Exercise instructions: Read the listing below and copy out each line where the word "years" occurs.

Data to examine:
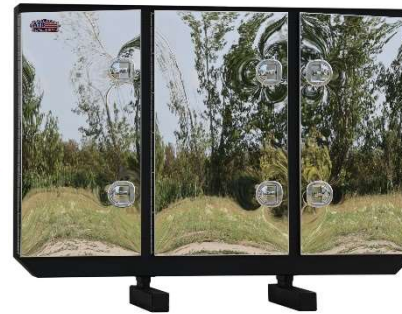
Mirror Finish SS Doors
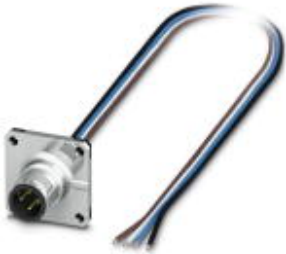
Sensor/Actuator flush-type plug, 4-pos., M12, A-coded, front/square flange mounting, with 0.5 m TPE litz wire, 4 x 0.34 mm 2

Please be informed that the data shown in this PDF Document is generated from our Online Catalog. Please find the complete data in the user's documentation. Our General Terms of Use for Downloads are valid ( http://phoenixcontact.com/download )
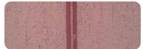
nyloprint® WS 73 Digital

Please contact us for additional information.
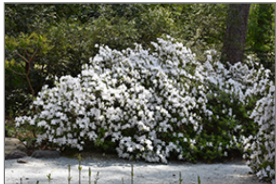
Delaware Valley White Azalea in bloom
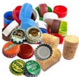
Plastic Bottles, Bottle Caps and Corks
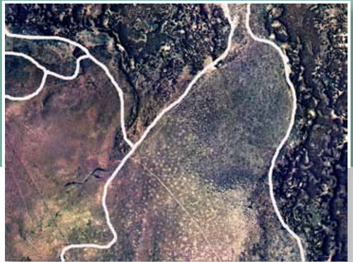
LAURA M. BURKETT (D2932-1)

Then the team developed ecological-state descriptors for different soils. They assessed factors such as USDA's Natural Resources Conservation Service (NRCS) soil data, STM soil characteristics, plant functional groups, responses to disturbance, and soil erosion patterns. Through this process, the scientists
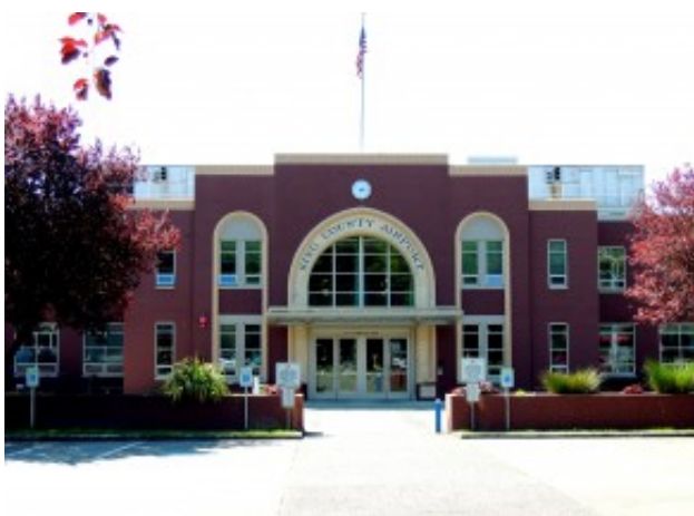
King County International Airport Terminal Building
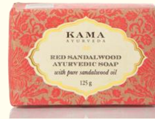
red sandalwood soap 125 g

A collection of handmade Ayurvedic Soaps, following remedial prescriptions from ancient Vedic manuscripts. Reinvigorating exfoliation with Sugar & Tamarind Deep Cleansing Soap. Gentle cleansing & calmness with Red Sandalwood Ayurvedic Soap. Emotional earthing & flawless luminosity with Turmeric & Myrrh Brightening Soap.
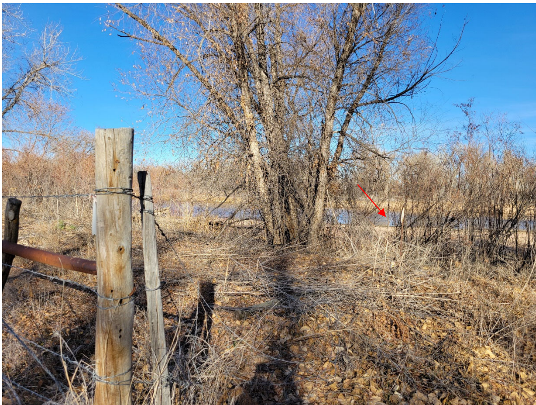
Photo 16: Northeast corner of the permit area. Approximate extent of mining disturbance on the south side of fence line. South Platte River noted by arrow.
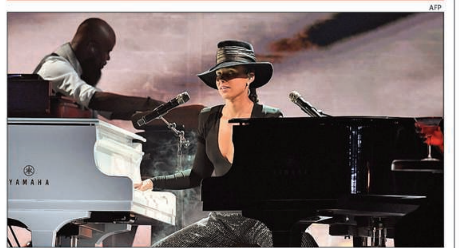
STRIKING THE PERFECT CHORD: Flanked by two pianos, singer-songwriter Alicia Keys performs during the Grammy Awards in Los Angeles on Sunday. She was the first female host of the show in 14 years
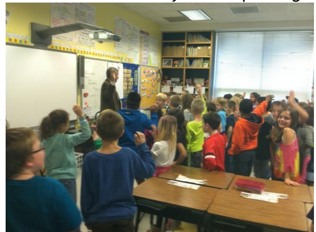
Swearing in the 3 rd grade classes of the first Sylvan Elementary House of Representatives. Wonderful teachers, young people and staff.
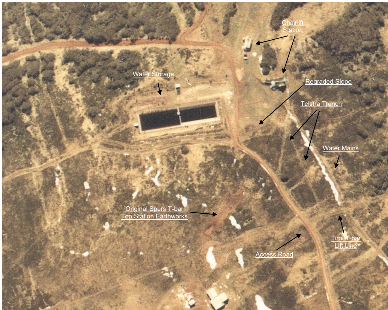
Burnt Hut Spur Water Storage and Northside Express Top Station Area – April 1985
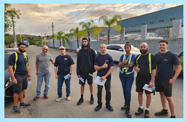
Pictured above: A happy group of the newest of 51 IKEA members in Puerto Rico that have voted to join the Machinists Union.

A group of 51 IKEA warehouse workers in Carolina, Puerto Rico voted overwhelmingly on Tuesday, February 20th to join the International Association of Machinists and Aerospace Workers (IAM).
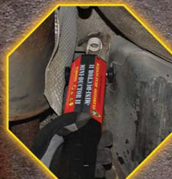
Fuel Tank Straps
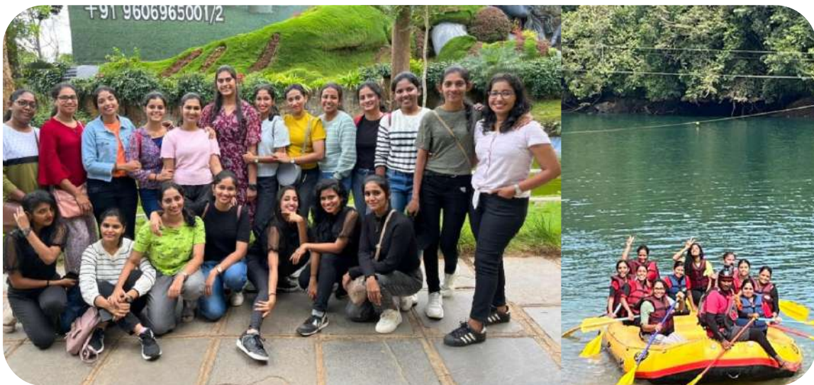
4th year B.Sc. Nursing CHIKMAGALUR, MANGALORE
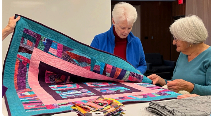
A quilt being shown at FHNN's Crafts & Chat

There's an abundance of local organizations that connect older adults with the arts. Check out some resources below and get artsy this May.
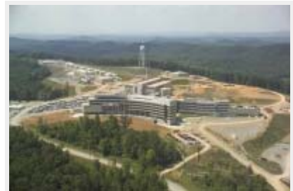
Aerial view of the Oak Ridge Spallation Neutron Source

This project is an example for us in several ways. First and most obvious, it represents a large investment by DOE in a research facility, so the success of this project, as well as their lessons learned are important for us to study. One very interesting aspect of this project is that it involved significant contributions and collaboration between multiple DOE laboratories (see graphic). Although this clearly complicates the management, it makes it possible to tap the different skills and strengths of the different laboratories brought together to construct the project. For the ILC, the US part of our effort also involves several DOE laboratories, as well as, of course, collaboration with laboratories around the world.
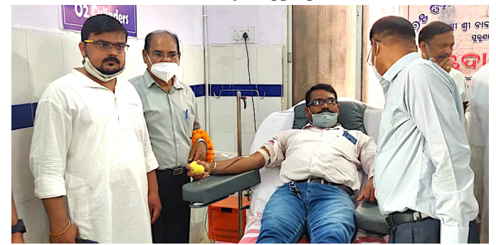
Setting an example by donating blood. Got 68 people to donate blood in two settings
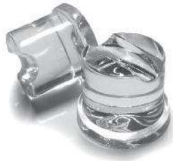
B 6022 AS / WS

Also available in the self-contained range for "Bistrot" cube: B 2006, B 2508, B 3008, B 3015, B 4015, B5022, B 7540, B 9040, B 9550 See pertaining literature for more details
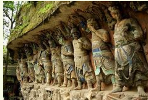
Dazu Rock Carvings
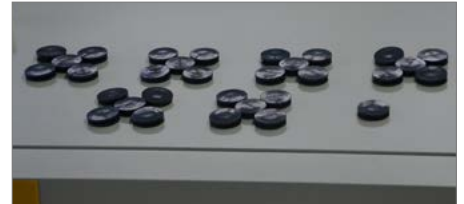
Access ports for cables and power cables.

Precise positioning in almost all sizes and locations is possible in consultation with our BINDER INDIVIDUAL department. Access ports available in silicone or stainless steel.
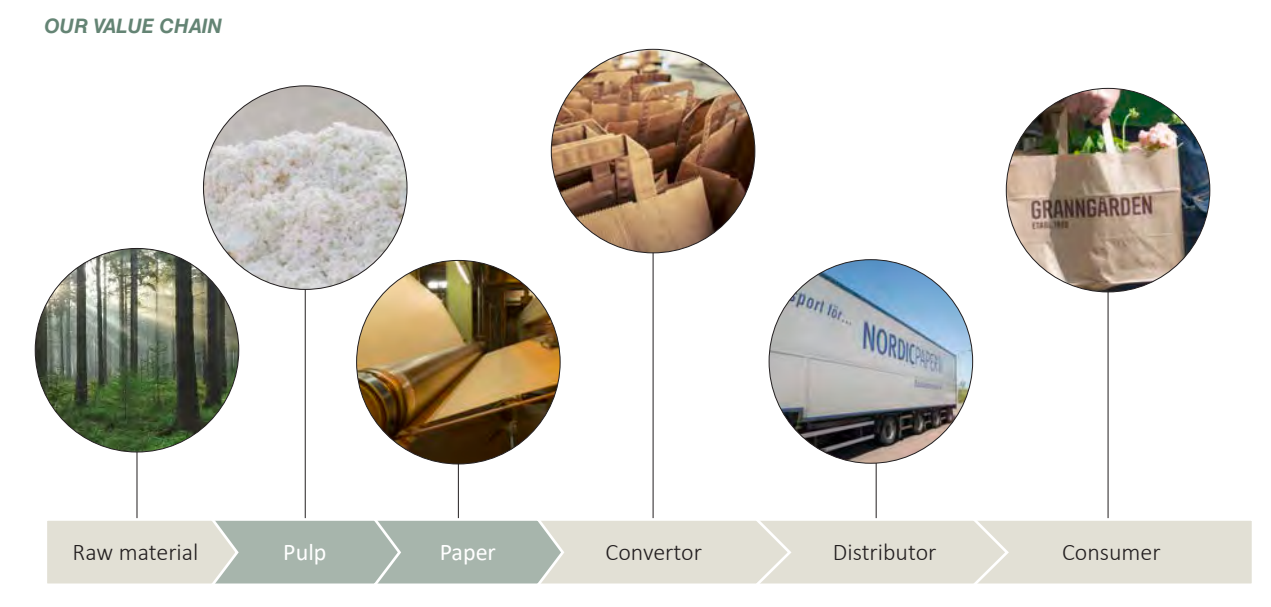
Nordic Paper manufactures and sells pulp and paper. Our value chain extends beyond that: our paper is used by people all over the world, every day. We work actively to ensure that our paper is a sustainable product throughout its lifecycle.

We work with suppliers who have operations located as close to our units as possible: the majority, more than 95 per cent in total, are therefore Scandinavian (primarily in Sweden and Norway).
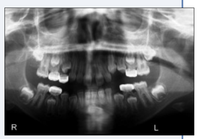
Figure 2: Orthopantomograph shows the remaining deciduous molars with stainless steel crowns and the lower canine in the midline associated with a cystic swelling.

At the age of 11 years, the boy presented with an asymptomatic unerupted tooth 33 and a firmly retained tooth 83. On clinical examination, a hard, painless swelling and slight expansion of the labial cortical bone could be palpated in the region of tooth 41. All lower teeth were responsive to ethyl chloride and sound, and there were no changes in axial position. Radiographs confirmed that the lower left canine
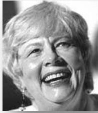
June Rowlands Toronto Mayor 1991 – 94

Answer to the problem:
STRIKING THE PERFECT CHORD: Flanked by two pianos, singer-songwriter Alicia Keys performs during the Grammy Awards in Los Angeles on Sunday. She was the first female host of the show in 14 years
At the age of 11 years, the boy presented with an asymptomatic unerupted tooth 33 and a firmly retained tooth 83. On clinical examination, a hard, painless swelling and slight expansion of the labial cortical bone could be palpated in the region of tooth 41. All lower teeth were responsive to ethyl chloride and sound, and there were no changes in axial position. Radiographs confirmed that the lower left canine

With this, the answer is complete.